Rotator cuff tear is a common finding in patients with painful, poorly functioning shoulders. The surgical management of this disorder has improved greatly and can now be fully arthroscopic.Purpose:
To evaluate clinical and radiological results of arthroscopic rotator cuff repair using 2 different techniques: single-row anchor fixation versus transosseous hardware-free suture repair.Study Design:
Randomized controlled trial; Level of evidence, 1.Methods:
Sixty-nine patients with rotator cuff tears were enrolled: 35 patients were operated with metal anchors and 34 with standardized transosseous repair. The patients were clinically evaluated before surgery, during the 28 days after surgery, and at least 1 year after the operation by the use of validated rating scores (Constant score, QuickDASH, and numerical rating scale [NRS]). Final follow-up was obtained at more than 3 years by a QuickDASH evaluation to detect any difference from the previous follow-up.

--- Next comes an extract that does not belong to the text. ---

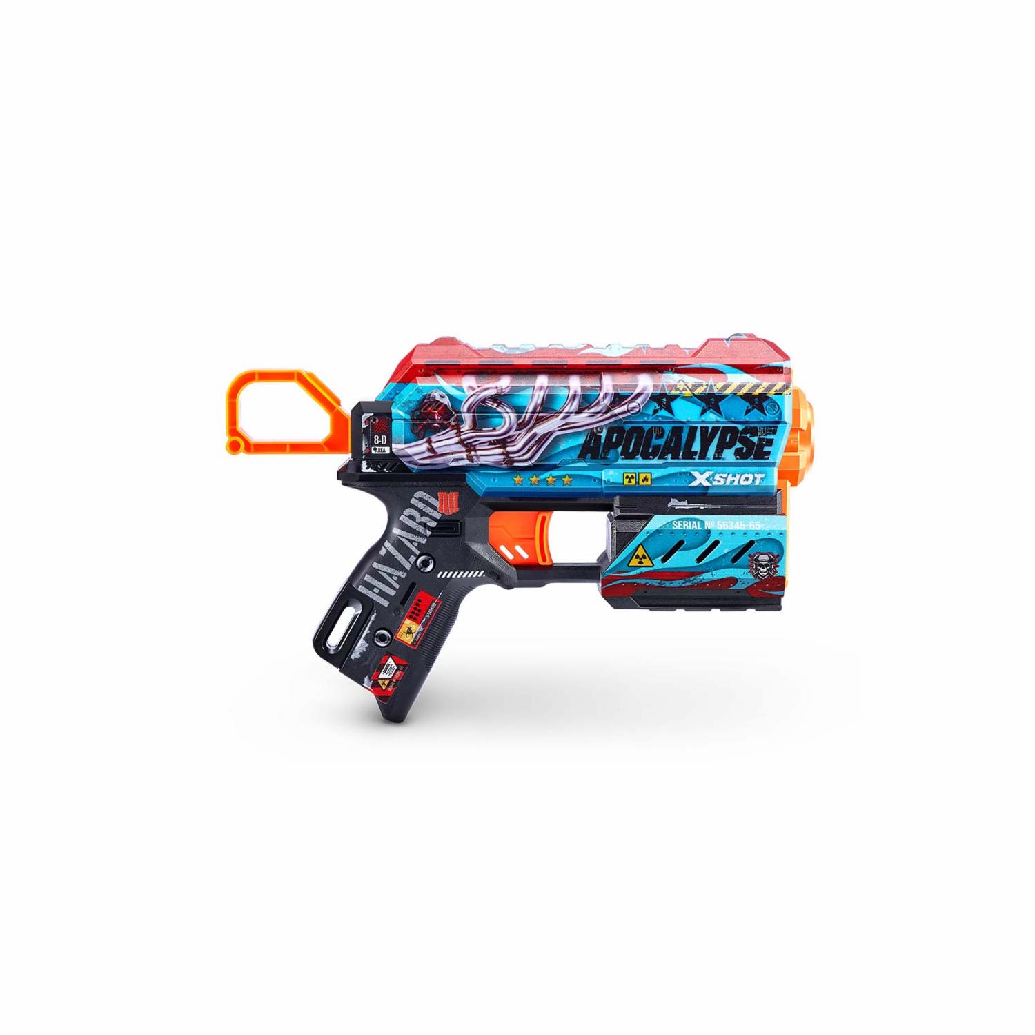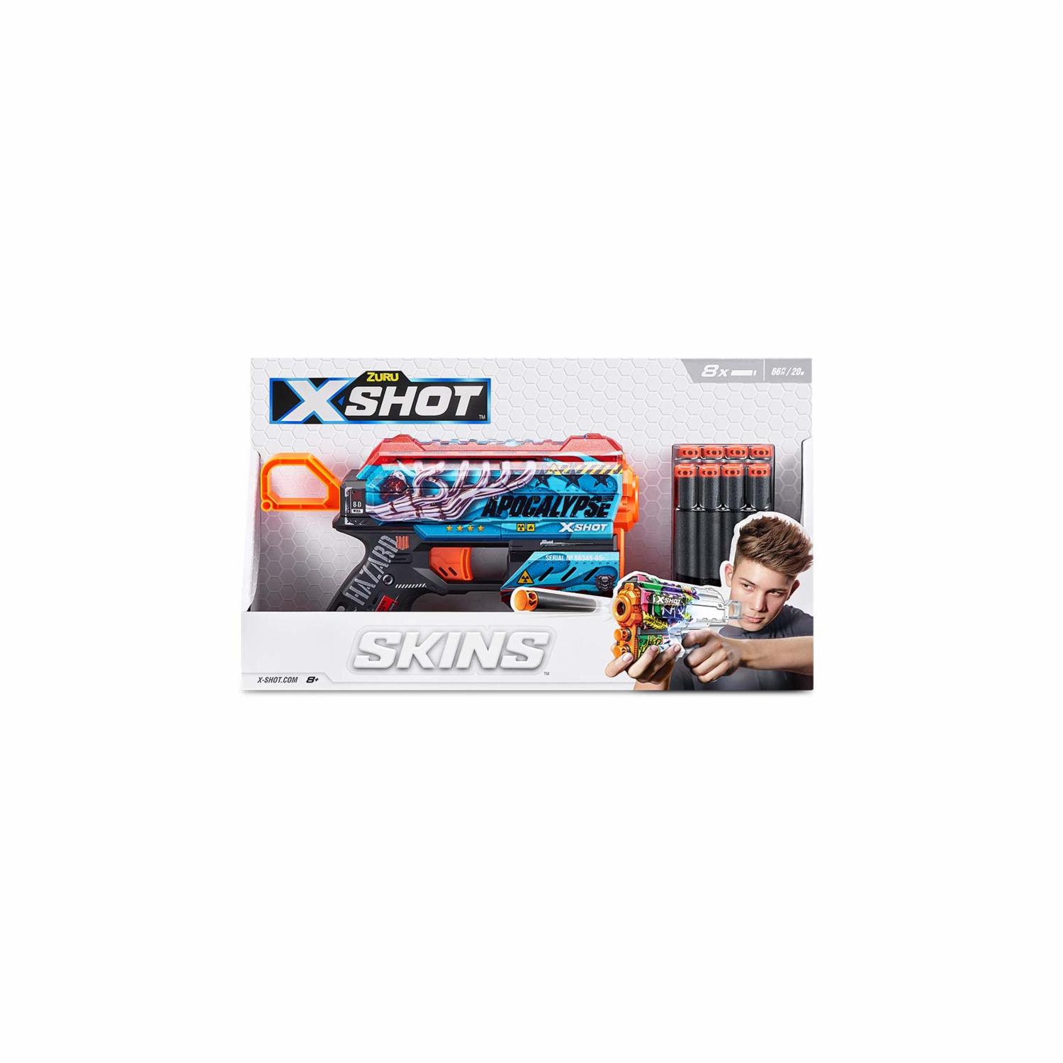 - ¡Elige tu Skin con el X-Shot Skins Flux Game Over Dart Blaster con 8 dardos! ¡Usando tecnología de impresión de última generación, X-Shot Skins es el primer blaster diseñado a medida que trae la experiencia del juego de desollar tu blaster al campo de batalla!

During the follow-up, rotator cuff integrity was determined through magnetic resonance imaging and was classified according to the 5 Sugaya categories.Results:
Patients operated with the transosseous technique had significantly less pain, especially from the 15th postoperative day: In the third week, the mean NRS value for the anchor group was 3.00 while that for transosseous group was 2.46 (P = .02); in the fourth week, the values were 2.44 and 1.76, respectively (P < .01). No differences in functional outcome were noted between the 2 groups at the final evaluation. In the evaluation of rotator cuff repair integrity, based on Sugaya magnetic resonance imaging classification, no significant difference was found between the 2 techniques in terms of retear rate (P = .81).Conclusion:
No significant differences were found between the 2 arthroscopic repair techniques in terms of functional and radiological results. However, postoperative pain decreased more quickly after the transosseous procedure, which therefore emerges as a possible improvement in the surgical repair of the rotator cuff.Registration:
NCT01815177 (ClinicalTrials.gov identifier).